### WHAT YOU WILL DO
Task for the records below: copy exactly from the first line on, stopping once the line with "Cách chơi đội" is copied, and leave out the pictures.
== Segment start ==
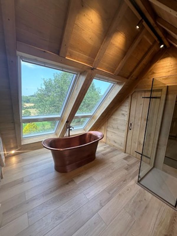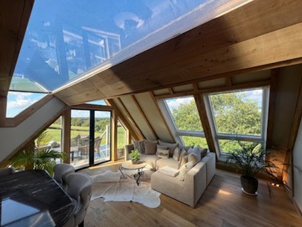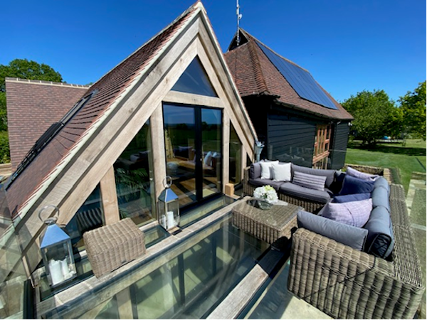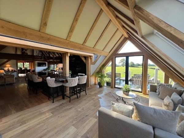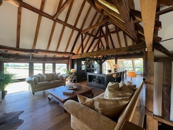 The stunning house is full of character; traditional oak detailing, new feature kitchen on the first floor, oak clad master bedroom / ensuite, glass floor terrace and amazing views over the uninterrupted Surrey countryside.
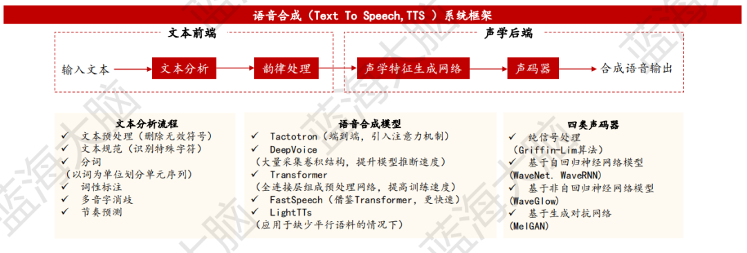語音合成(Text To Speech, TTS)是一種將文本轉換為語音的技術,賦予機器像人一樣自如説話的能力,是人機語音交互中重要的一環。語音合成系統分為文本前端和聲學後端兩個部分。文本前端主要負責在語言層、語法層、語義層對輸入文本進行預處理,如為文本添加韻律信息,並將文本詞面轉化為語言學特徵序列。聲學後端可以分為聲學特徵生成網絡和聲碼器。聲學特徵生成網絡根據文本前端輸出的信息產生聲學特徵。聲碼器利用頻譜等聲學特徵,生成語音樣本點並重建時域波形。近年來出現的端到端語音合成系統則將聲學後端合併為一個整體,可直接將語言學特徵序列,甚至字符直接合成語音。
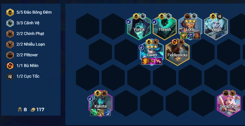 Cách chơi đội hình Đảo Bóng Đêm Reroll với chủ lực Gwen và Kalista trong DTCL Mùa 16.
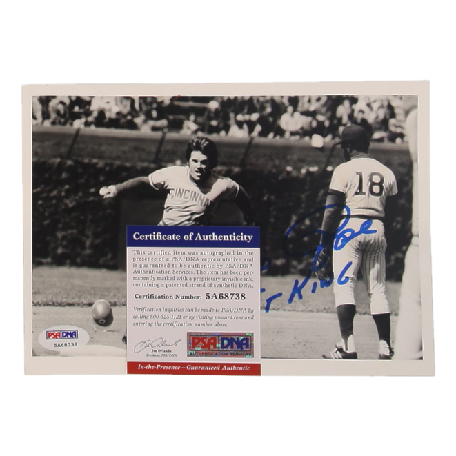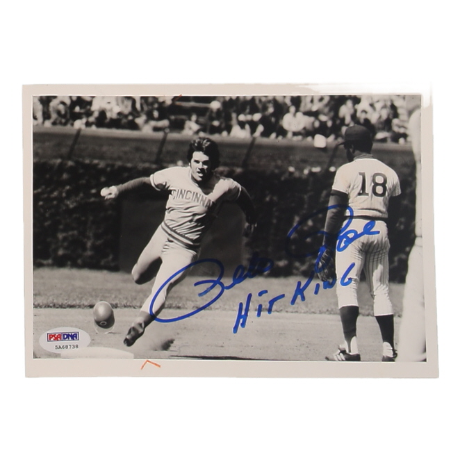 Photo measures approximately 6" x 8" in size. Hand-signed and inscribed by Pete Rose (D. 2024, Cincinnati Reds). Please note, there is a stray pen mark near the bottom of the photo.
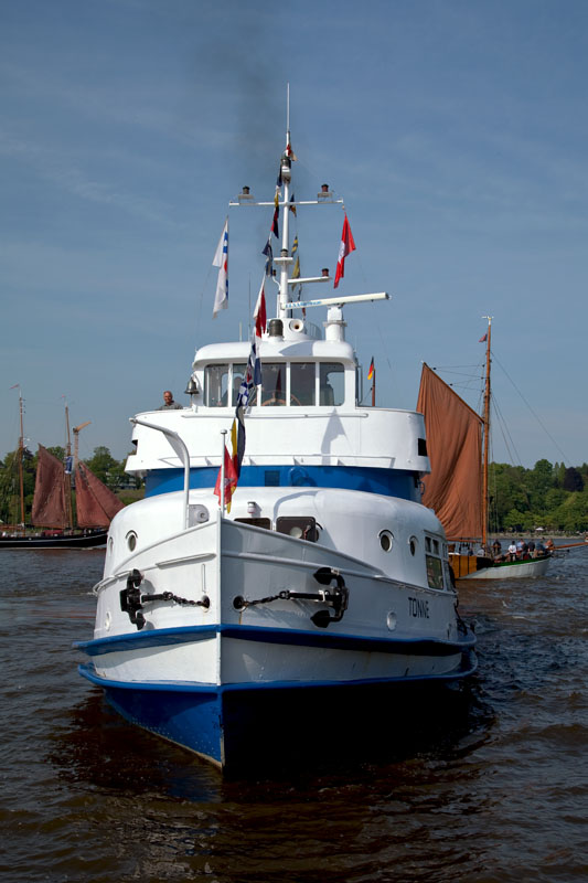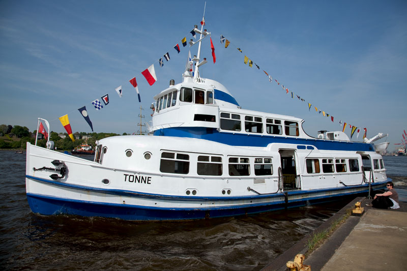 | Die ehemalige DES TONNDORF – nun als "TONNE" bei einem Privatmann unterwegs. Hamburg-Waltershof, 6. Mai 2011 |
== Segment end ==
### RESULT FOR THIS EXERCISE
 The stunning house is full of character; traditional oak detailing, new feature kitchen on the first floor, oak clad master bedroom / ensuite, glass floor terrace and amazing views over the uninterrupted Surrey countryside.
語音合成(Text To Speech, TTS)是一種將文本轉換為語音的技術,賦予機器像人一樣自如説話的能力,是人機語音交互中重要的一環。語音合成系統分為文本前端和聲學後端兩個部分。文本前端主要負責在語言層、語法層、語義層對輸入文本進行預處理,如為文本添加韻律信息,並將文本詞面轉化為語言學特徵序列。聲學後端可以分為聲學特徵生成網絡和聲碼器。聲學特徵生成網絡根據文本前端輸出的信息產生聲學特徵。聲碼器利用頻譜等聲學特徵,生成語音樣本點並重建時域波形。近年來出現的端到端語音合成系統則將聲學後端合併為一個整體,可直接將語言學特徵序列,甚至字符直接合成語音。
 Cách chơi đội hình Đảo Bóng Đêm Reroll với chủ lực Gwen và Kalista trong DTCL Mùa 16.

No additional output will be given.